PROBLEM TO SOLVE: An acceptable answer contains every record below, unchanged, and no pictures.

[Recorded data]
----------------------------------------

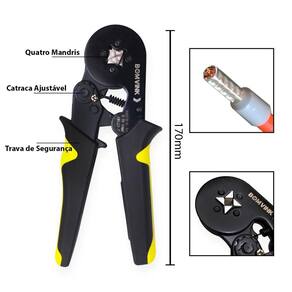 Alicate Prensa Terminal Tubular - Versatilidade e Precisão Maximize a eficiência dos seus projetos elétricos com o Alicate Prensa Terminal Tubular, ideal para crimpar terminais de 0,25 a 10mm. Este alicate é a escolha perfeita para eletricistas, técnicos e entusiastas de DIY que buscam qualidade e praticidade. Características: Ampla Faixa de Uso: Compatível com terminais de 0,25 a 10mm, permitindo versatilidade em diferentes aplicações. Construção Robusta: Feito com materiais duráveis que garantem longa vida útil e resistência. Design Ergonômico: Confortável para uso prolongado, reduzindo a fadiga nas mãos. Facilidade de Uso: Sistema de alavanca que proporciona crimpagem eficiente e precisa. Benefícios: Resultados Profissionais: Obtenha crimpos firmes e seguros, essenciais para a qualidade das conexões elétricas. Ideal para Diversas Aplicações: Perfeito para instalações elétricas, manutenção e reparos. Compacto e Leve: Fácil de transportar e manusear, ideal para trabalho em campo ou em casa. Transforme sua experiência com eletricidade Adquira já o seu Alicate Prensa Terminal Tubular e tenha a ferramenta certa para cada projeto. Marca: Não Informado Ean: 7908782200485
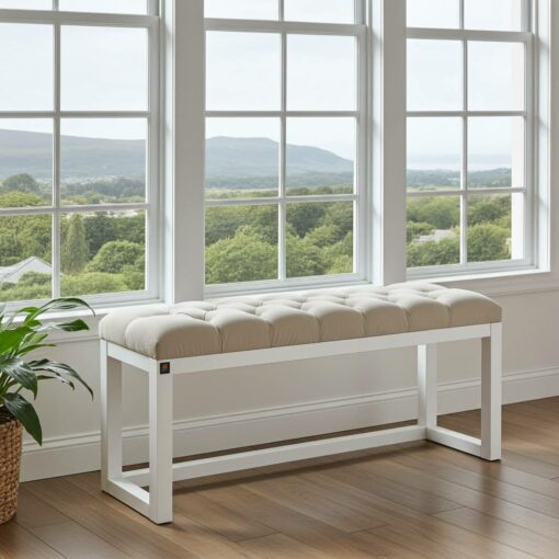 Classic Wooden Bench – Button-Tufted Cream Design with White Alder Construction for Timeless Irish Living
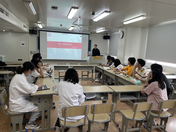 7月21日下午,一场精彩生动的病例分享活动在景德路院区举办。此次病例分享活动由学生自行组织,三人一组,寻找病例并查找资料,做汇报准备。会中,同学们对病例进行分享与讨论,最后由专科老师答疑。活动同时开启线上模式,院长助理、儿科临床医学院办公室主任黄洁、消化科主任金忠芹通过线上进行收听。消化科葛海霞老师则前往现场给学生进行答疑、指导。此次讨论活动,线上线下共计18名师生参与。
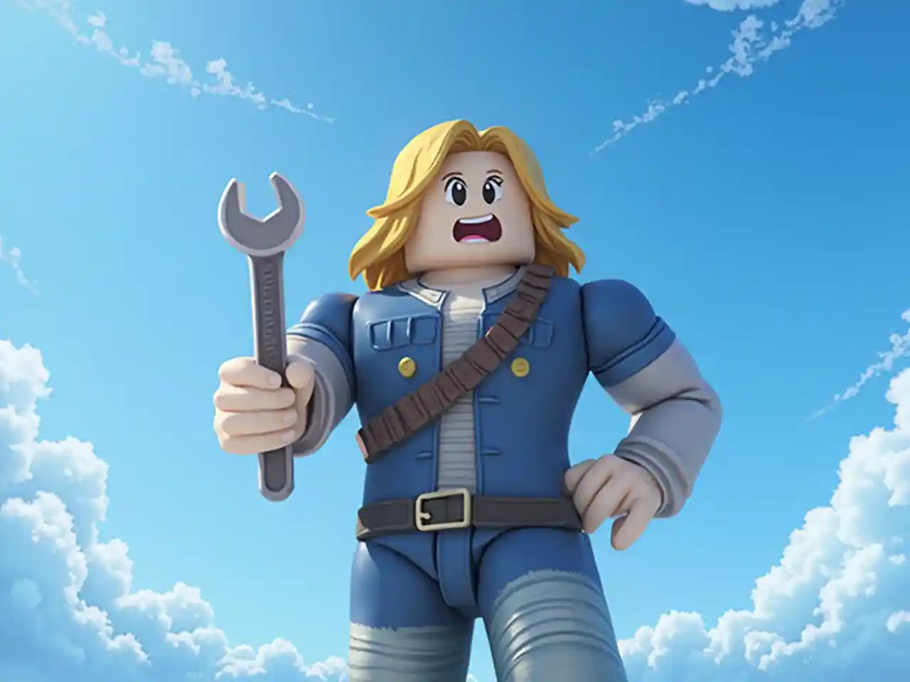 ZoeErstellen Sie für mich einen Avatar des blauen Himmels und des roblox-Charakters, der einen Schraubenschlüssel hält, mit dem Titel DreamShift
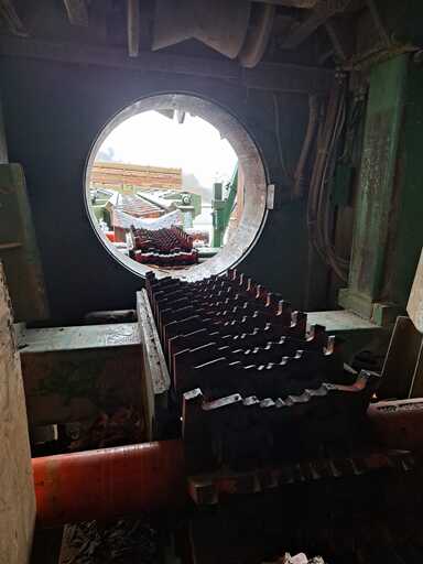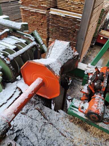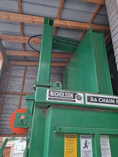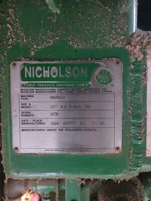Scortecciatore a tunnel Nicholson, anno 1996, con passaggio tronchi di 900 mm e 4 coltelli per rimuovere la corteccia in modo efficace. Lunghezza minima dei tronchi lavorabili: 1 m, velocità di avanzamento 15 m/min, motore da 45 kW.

----------------------------------------

ANSWER SPACE:
 Alicate Prensa Terminal Tubular - Versatilidade e Precisão Maximize a eficiência dos seus projetos elétricos com o Alicate Prensa Terminal Tubular, ideal para crimpar terminais de 0,25 a 10mm. Este alicate é a escolha perfeita para eletricistas, técnicos e entusiastas de DIY que buscam qualidade e praticidade. Características: Ampla Faixa de Uso: Compatível com terminais de 0,25 a 10mm, permitindo versatilidade em diferentes aplicações. Construção Robusta: Feito com materiais duráveis que garantem longa vida útil e resistência. Design Ergonômico: Confortável para uso prolongado, reduzindo a fadiga nas mãos. Facilidade de Uso: Sistema de alavanca que proporciona crimpagem eficiente e precisa. Benefícios: Resultados Profissionais: Obtenha crimpos firmes e seguros, essenciais para a qualidade das conexões elétricas. Ideal para Diversas Aplicações: Perfeito para instalações elétricas, manutenção e reparos. Compacto e Leve: Fácil de transportar e manusear, ideal para trabalho em campo ou em casa. Transforme sua experiência com eletricidade Adquira já o seu Alicate Prensa Terminal Tubular e tenha a ferramenta certa para cada projeto. Marca: Não Informado Ean: 7908782200485
 Classic Wooden Bench – Button-Tufted Cream Design with White Alder Construction for Timeless Irish Living
 7月21日下午,一场精彩生动的病例分享活动在景德路院区举办。此次病例分享活动由学生自行组织,三人一组,寻找病例并查找资料,做汇报准备。会中,同学们对病例进行分享与讨论,最后由专科老师答疑。活动同时开启线上模式,院长助理、儿科临床医学院办公室主任黄洁、消化科主任金忠芹通过线上进行收听。消化科葛海霞老师则前往现场给学生进行答疑、指导。此次讨论活动,线上线下共计18名师生参与。
 ZoeErstellen Sie für mich einen Avatar des blauen Himmels und des roblox-Charakters, der einen Schraubenschlüssel hält, mit dem Titel DreamShift
Scortecciatore a tunnel Nicholson, anno 1996, con passaggio tronchi di 900 mm e 4 coltelli per rimuovere la corteccia in modo efficace. Lunghezza minima dei tronchi lavorabili: 1 m, velocità di avanzamento 15 m/min, motore da 45 kW.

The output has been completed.